_WHAT YOU WILL DO:_
Please return the listing exactly as written, but without its pictures.

_RECORDED INFORMATION:_
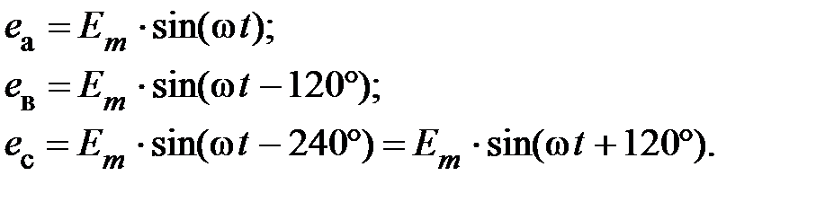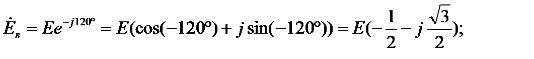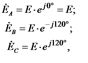 Такая система ЭДС называется трехфазной симметричной системой. Последовательность в обозначении фаз генератора, т. е. порядок чередования фаз, не может быть случайной. Например, последовательность, приведённую в (1) называют прямой последовательностью фаз. Для такой последовательности характерно, что ЭДС фазы В отстаёт от ЭДС фазы А на угол 120º, а ЭДС фазы С отстаёт от ЭДС фазы В также на угол 120º. Если поменять местами любые две фазы, то полученная новая последовательность будет называться обратной последовательностью фаз. Соотношение (1) можно представить в комплексной форме
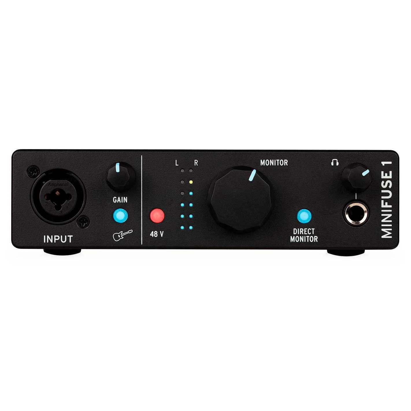 Interfaz USB compacta para grabación de voz, guitarra, sintetizadores y otros. Acabado negro.
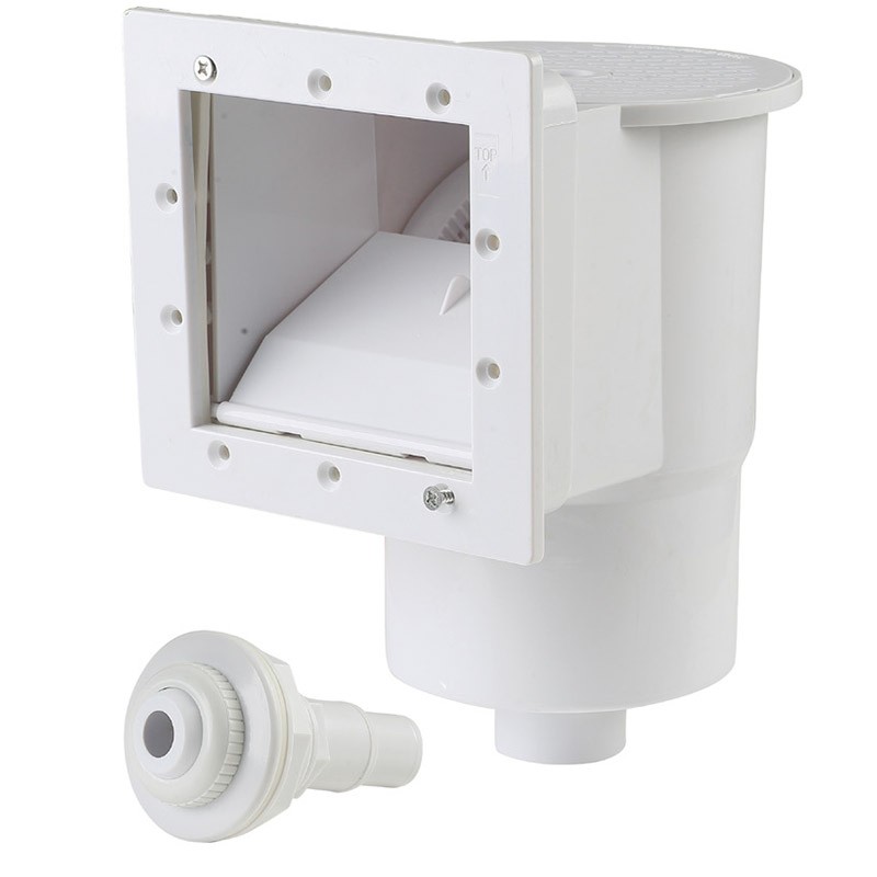 Piccolo skimmer per piscine fuori terra e per piscine interrate.

_EXERCISE ANSWER:_
 Такая система ЭДС называется трехфазной симметричной системой. Последовательность в обозначении фаз генератора, т. е. порядок чередования фаз, не может быть случайной. Например, последовательность, приведённую в (1) называют прямой последовательностью фаз. Для такой последовательности характерно, что ЭДС фазы В отстаёт от ЭДС фазы А на угол 120º, а ЭДС фазы С отстаёт от ЭДС фазы В также на угол 120º. Если поменять местами любые две фазы, то полученная новая последовательность будет называться обратной последовательностью фаз. Соотношение (1) можно представить в комплексной форме
 Interfaz USB compacta para grabación de voz, guitarra, sintetizadores y otros. Acabado negro.
 Piccolo skimmer per piscine fuori terra e per piscine interrate.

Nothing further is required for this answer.